Thoughts, rants and commentary from a husband, father of five and professional web geek

How to make sure your customers will hate you forever

Posted on August 13th, 2008 in Personal Messages, Rants, Web Services

This morning I was faced with an extraordinary issue when I got to work. We had no network services to our domain name. And apparently I was the one that was supposed to know why this was.

After looking closely at what was happening, and realizing that emails had not been received to our mail server for a time, and that none of our web sites were running, and that users of our VPN were calling complaining that they could not connect to the network for some reason it dawned on my that it was time to check our domain name servers.

A quick look as it was pretty apparent that our name servers zones were completely missing. After a little more time trying to figure out what was happening, and at the same time trying to vindicate myself from savage disciplinary action due to a recent domain name transfer request that has gone horribly awry, I finally came to the conclusion that our domain name provider (and our bandwidth provider) must have gone out of business last night. They have been on their last leg for quite some time and their services have tanked considerably. I figured this was the last leg of their journey into the toilet of despair.

I was wrong.

After following their horrible excuse of a menu system on their call-in support system I got to their new domain name providers (they have sold off every one of their divisions to other companies so I was actually talking to another company). At the same time I decided to call the guy that has been not helping transfer our corporate domain. While on hold with the new company I actually made contact with our current guy. And I found out something interesting: our zone files in their DNS server were removed because of failure to pay a bill.

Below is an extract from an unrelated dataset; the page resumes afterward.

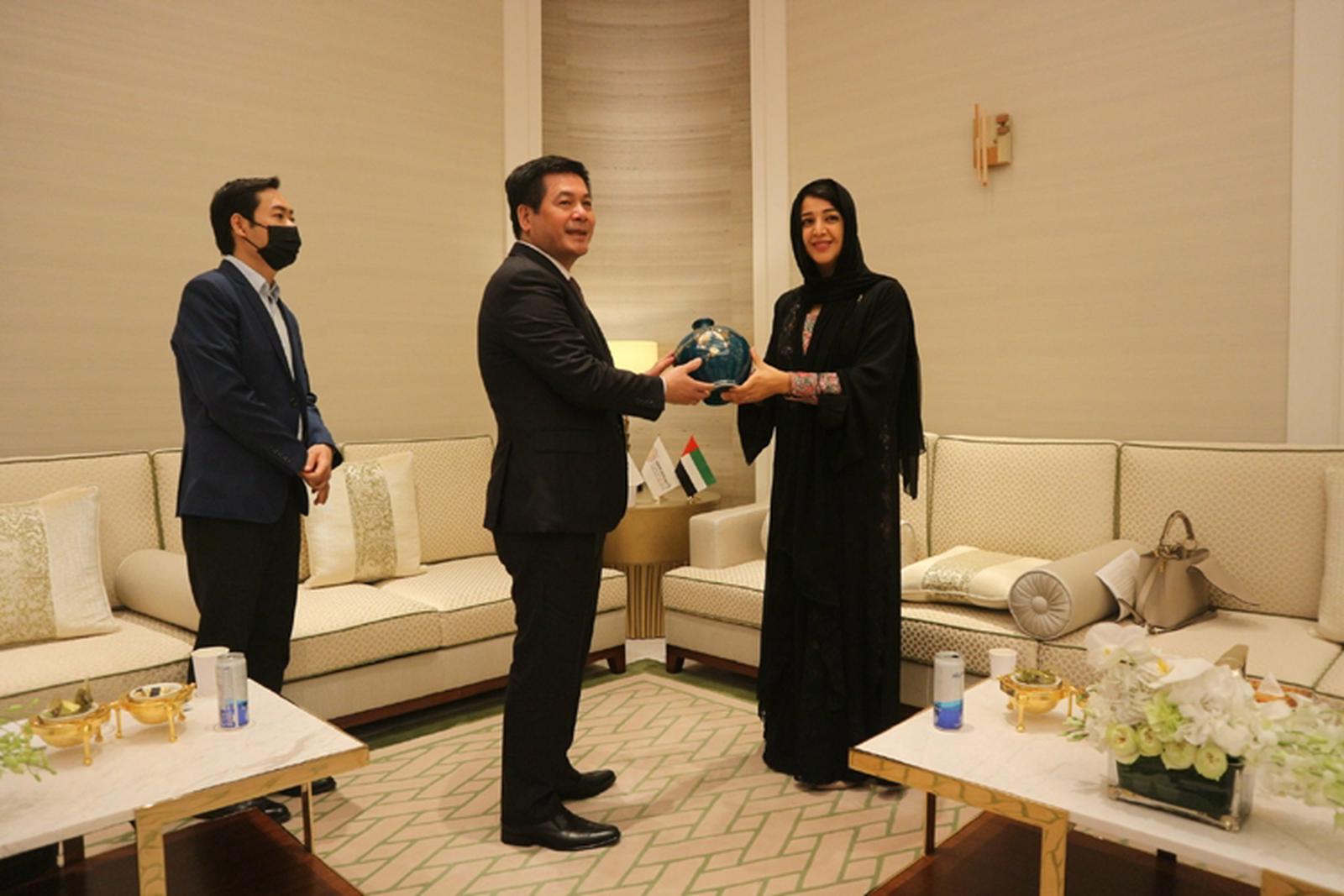 Bộ trưởng Nguyễn Hồng Diên tặng quà lưu niệm bà Reem Bint Ebrahim Al Hashimy, Quốc vụ khanh Bộ Ngoại giao & Hợp tác quốc tế UAE Tại buổi làm việc với ngài Abdulla Al Saleh, Quốc vụ khanh Bộ Kinh tế UAE, hai bên đã trao đổi thông tin về tình hình phát triển kinh tế, thương mại và những kết quả đạt được trong lĩnh vực hội nhập kinh tế của mỗi nước. Hai bên chia sẻ mối quan tâm chung về sự cần thiết ký kết một số văn bản pháp lý, thỏa thuận thương mại song phương để thiết lập cơ chế hợp tác thương mại mới, nhằm thúc đẩy mạnh mẽ trao đổi thương mại giữa hai nước trong giai đoạn hậu Covid-19. Hai bên nhất trí sẽ triển khai sớm trao đổi ở cấp kỹ thuật để nghiên cứu khả năng ký thỏa thuận thương mại song phương.Bộ trưởng Nguyễn Hồng Diên cho biết, hiện nay, Việt Nam đã tham gia 15 Hiệp định Thương mại tự do (FTA) song phương và đa phương, trong đó có một số hiệp định FTA thế hệ mới, có tiếp cận thị trường với 65 đối tác, trong đó có nhiều nền kinh tế lớn trên thế giới. Nhấn mạnh nền kinh tế Việt Nam có độ mở cao, Bộ trưởng cho rằng UAE sẽ có nhiều lợi ích khi đẩy mạnh hợp tác với Việt Nam. Hợp tác với Việt Nam có thể giúp khai thác không chỉ là thị trường gần 100 triệu dân, mà được kết nối với những thị trường lớn hơn nhiều, đó là ASEAN, và rộng hơn nữa là khu vực châu Á - Thái Bình Dương.Bộ trưởng nhận định dư địa cho hợp tác kinh tế, thương mại Việt Nam - UAE là rất lớn, tuy nhiên, kim ngạch hai chiều trong thời gian qua vẫn còn khiêm tốn. Trong thời gian tới, UAE có thể xuất khẩu các sản phẩm hóa dầu, công nghiệp công nghệ cao sang thị trường Việt Nam. Ngược lại, Việt Nam mong muốn xuất khẩu nhiều hơn các mặt hàng điện tử, hàng tiêu dùng, các mặt hàng nông thủy sản vào thị trường UAE. Để làm được điều này, hai Bên nỗ lực kết nối, tạo thuận lợi hơn nữa cho các doanh nghiệp.Khẳng định Việt Nam hiện đang là một trong những công xưởng của thế giới, Bộ trưởng cho biết Việt Nam có nhu cầu hợp tác rất lớn với các nước trong lĩnh vực logistics để thúc đẩy xuất khẩu hàng hóa. Vì vậy, phía Việt Nam mong muốn Bộ Kinh tế UAE giúp giới thiệu, kết nối với các doanh nghiệp logistics của UAE.Về lĩnh vực năng lượng, Bộ trưởng đánh giá cao vai trò của UAE trong ngành năng lượng quốc tế và tiềm năng thúc đẩy hợp tác với UAE trong lĩnh vực này. Trong thời gian qua, các doanh nghiệp Việt Nam đã nhập khẩu xăng dầu từ UAE nhưng chủ yếu là qua nước thứ ba. Bộ trưởng Nguyễn Hồng Diên nhấn mạnh sự cần thiết của việc thiết lập quan hệ đối tác trong lĩnh vực năng lượng giữa hai nước, đề nghị phía UAE ưu tiên cung ứng thường xuyên và ổn định xăng dầu, khí đốt và các sản phẩm liên quan cho Việt Nam với giá ưu đãi và chiết khấu hợp lý.Quốc vụ khanh Bộ Kinh tế UAE đánh giá cao chuyến công tác của Bộ trưởng Nguyễn Hồng Diên và những kết quả tích cực đạt được. Cho rằng những đề xuất của Bộ trưởng Bộ Công Thương liên quan đến những vấn đề cơ bản và trọng yếu trong hợp tác kinh tế giữa hai nước, ông bày tỏ sự ủng hộ và đề nghị Bộ trưởng cùng phối hợp, chỉ đạo cấp kỹ thuật triển khai. Ông đánh giá cao những đề xuất của Bộ trưởng không chỉ giải quyết những vấn đề cấp thiết mà còn có tầm nhìn chiến lược lâu dài trong phát triển quan hệ hợp tác kinh tế, thương mại giữa hai nước. Ông cho biết UAE là nền kinh tế cởi mở, năng động, ổn định và là địa điểm lý tưởng để các doanh nghiệp nước ngoài đến đầu tư, kinh doanh, trong đó có các doanh nghiệp Việt Nam.Phía UAE cũng mong muốn đa dạng hóa, tăng cường đầu tư ra nước ngoài và Việt Nam nằm trong danh sách ưu tiên nhờ có môi trường kinh doanh ổn định, những nỗ lực và thành tựu trong đổi mới, hoàn thiện thể chế, pháp luật, chính sách. Phía UAE đề nghị tổ chức họp trực tuyến ở cấp kỹ thuật để nghiên cứu khả năng ký một số thỏa thuận thương mại song phương.

Under normal circumstances I would say that this would make perfect sense from a business standpoint. Except for a few points:

  • The amount we owed was $225. Our normal monthly bill is about $2,500.
  • The last invoice they sent us was in May. For about $2,500.
  • The last invoice was for bandwidth and domain name management services.
  • Our DNS services were terminated because of an outstanding bandwidth invoice. Bandwidth remained online.
  • They never sent a bill for the outstanding amount.
  • They never attempted to contact us for the outstanding amount.
  • They have been providers of our for more than 10 years.
  • We are their biggest account.

That said I would say their handling of this case was an epic FAIL. Worse yet, the one guy that any answers for us (one of four remaining employees with the company) had no access to their systems, billing or otherwise, and was only able to add our zone files back. He was not able to transfer calls, take payments or offer any other insight into what was happening. He couldn’t even give us the phone number of their account person so we could contact her to straighten this out.

Once my director of IT was able to actually traverse their phone support system and get in touch with the woman that handles their billing and accounting it came to light that they never did send us an invoice and that we were apparently supposed to be mind readers when it came to paying for stuff we may or may not have used.

Ultimately the situation ended with my boss receiving confirmation that he would indeed receive an invoice that he could send to the AP department here so they could pay it and get us out of hock. And after a few minutes of downtime we were back on the air.

Now I know there are lessons to learn from all of this. But I think it would have been more useful and helpful if our service providers had taken to learning those lessons before shutting down a US$100M company for a stupid $225 invoice that was, get this, only 45 days late.

Wanna keep your customers happy? Try communicating with them. It would have made all the difference in this case.